Hi! Thanks for your precious work and discussion. I have a specific question about training VQGAN: how do you compute the perceptual loss? I see that vanilla VQGAN applies some linear layers after feature difference between input and reconstruction (https://github.com/CompVis/taming-transformers/blob/master/taming/modules/losses/lpips.py), but I can not find these parameters in your shared ckpt. Do you use a different implementation?

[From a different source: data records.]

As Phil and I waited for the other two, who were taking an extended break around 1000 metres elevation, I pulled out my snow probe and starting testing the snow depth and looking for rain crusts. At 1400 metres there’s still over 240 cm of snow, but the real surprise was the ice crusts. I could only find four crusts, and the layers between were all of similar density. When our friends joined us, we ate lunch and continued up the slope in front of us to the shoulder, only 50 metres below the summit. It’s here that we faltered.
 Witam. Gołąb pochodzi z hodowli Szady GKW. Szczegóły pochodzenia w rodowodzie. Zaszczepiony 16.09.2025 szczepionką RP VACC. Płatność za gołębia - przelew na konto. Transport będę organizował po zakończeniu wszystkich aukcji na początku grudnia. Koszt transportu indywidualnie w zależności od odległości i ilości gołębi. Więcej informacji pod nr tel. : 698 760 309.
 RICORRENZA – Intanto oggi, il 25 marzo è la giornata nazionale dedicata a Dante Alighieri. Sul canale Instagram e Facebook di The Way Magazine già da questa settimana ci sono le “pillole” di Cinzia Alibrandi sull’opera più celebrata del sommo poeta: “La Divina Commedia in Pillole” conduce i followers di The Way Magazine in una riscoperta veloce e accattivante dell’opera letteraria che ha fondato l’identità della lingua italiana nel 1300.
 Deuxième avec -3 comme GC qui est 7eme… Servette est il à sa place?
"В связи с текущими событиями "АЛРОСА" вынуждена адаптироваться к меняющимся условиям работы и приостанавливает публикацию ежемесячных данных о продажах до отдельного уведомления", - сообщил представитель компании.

LTH14 commented 1 year ago

Hi! Those linear layers in LPIPS loss are pre-trained and fixed during VQ-tokenizer training, so we do not need to store them in the parameters. You can get the weights for those 1x1 convs https://github.com/CompVis/taming-transformers/blob/master/taming/modules/losses/lpips.py#L28. This function will download the weights into "taming/modules/autoencoder/lpips".

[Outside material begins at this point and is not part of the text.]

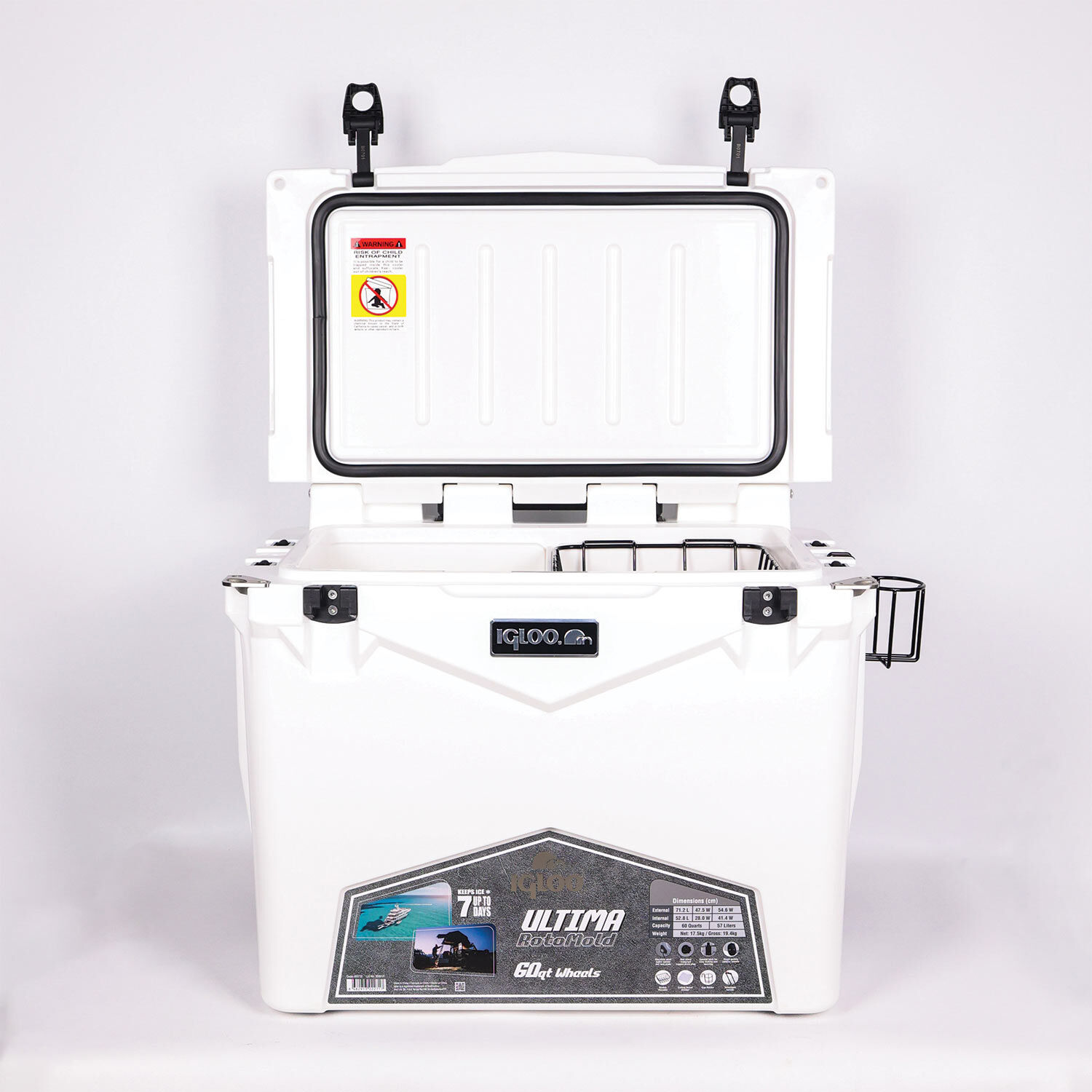 IGLOO Ultima 60 Qt Tekerlekli RotoMold Buzluk 57 Litre Tüm doğa etkinlikleriniz eskisinden daha soğuk olacak! Öne Çıkan Özellikler: Ürün Aksesuarları: RotoMold Tasarım: Ultima buzluk ailesi Rotational Molding tekniği ile üretilmiştir. Standart enjeksiyon kalıplama ile üretilen buzluklardan hem yapısal hem de kullanım deneyimi olarak farklıdır. Gövde ve kapak tek parça olarak üretilmiştir, dolayısıyla ek yeri olmadığı için sızdırma yapmaz, ısı kaybı minimumda olur. Et kalınlıkları sektör standartının çok üzerindedir. Darbeye ve yüke karşı ekstra dayanıklıdır. Buz kasetlerine dahi ihtiyaç duymadan günlerce muhafaza artık hayal değil! Ultima ile mümkün.
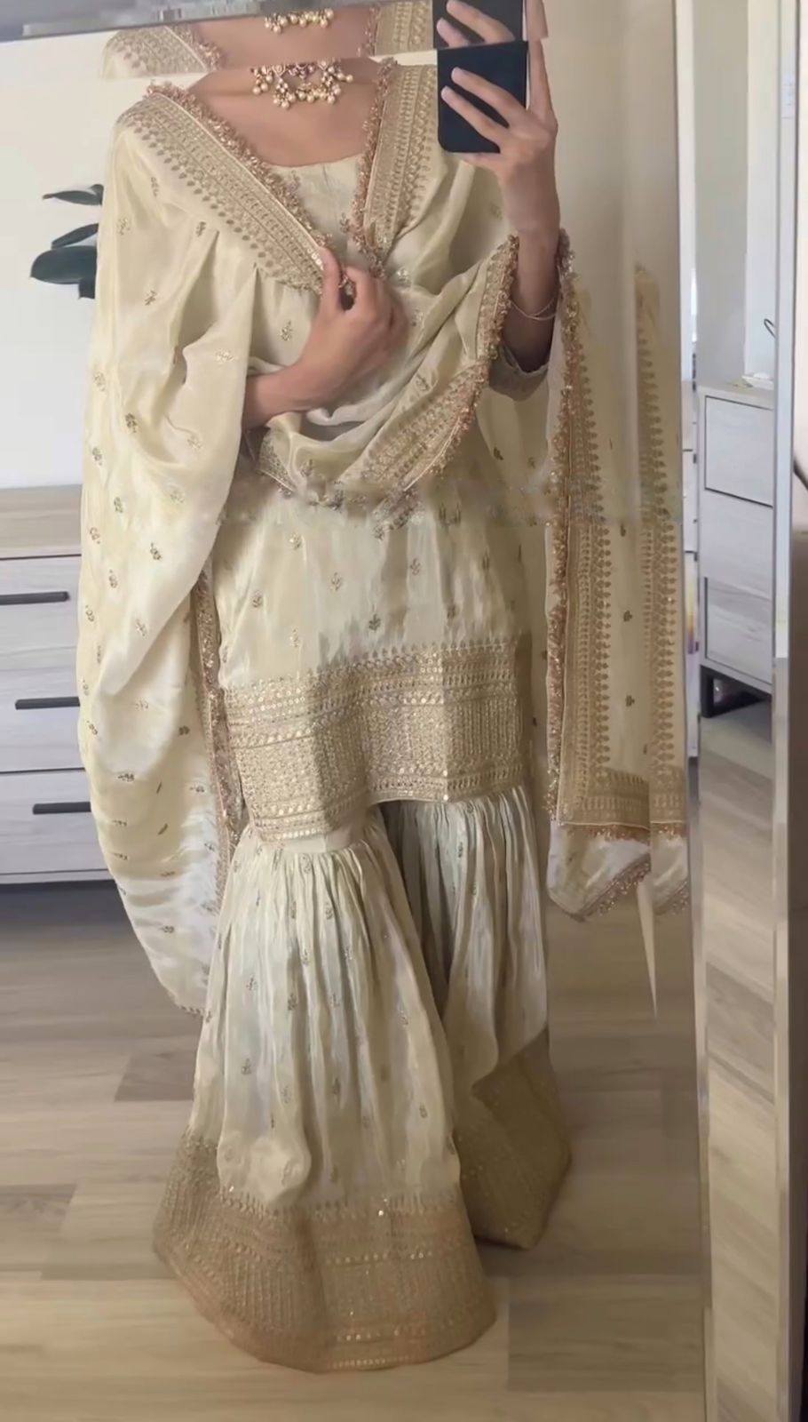 Pakistani Kurti & Gharara with Duppatta fully stitched.

ttccxx commented 1 year ago

Thanks for your reply! I didn't notice these important codes before, and I am now clear.

jackhu-bme commented 1 year ago

Hi ! Thanks for your interesting work and detailed clarification of this issue! I still have some questions when trying to train a tokenizer for medical image generation(I have tried that directly employing the pretrained vqgan on ImageNet for medical image inversing, many important structures were lost after inversing): (1) Why the architecture of tokenizer in mage follows maskGIT, (some attention blocks and bias of convs are removed compared to official vqgan), is this operation for reducing the computational cost, or for better performance when fintuning for downstream tasks? Which tokenizer(maskgit implementation of official one) is better for image generation performance? If I can choose? (2) If I choose the official implementation of vqgan, is it suitatble to train the mage with the official tokenizer (the masked encoding process)? My focus is the inpainting performance, not involving any need of fintuning for downstream tasks like image classification. Thanks again for your excellent work and patience! Your work really inspired me when I encountered problems in my project.

LTH14 commented 1 year ago

Thanks for your interest! A VQGAN pre-trained on ImageNet is likely to achieve relatively bad performance on medical data, as it is never trained on them. For (1), the reason is to save computations and be consistent with the implementation of VQGAN inside Google. The performance is nearly the same. For (2), you can use whatever vqgan for the mage tokenizer, as long as the vqgan tokenizes 256x256 images into 16x16 tokens.

jackhu-bme commented 1 year ago

Thanks a lot for your detailed reply! This really saves my time for comparing different implementation of tokenizers.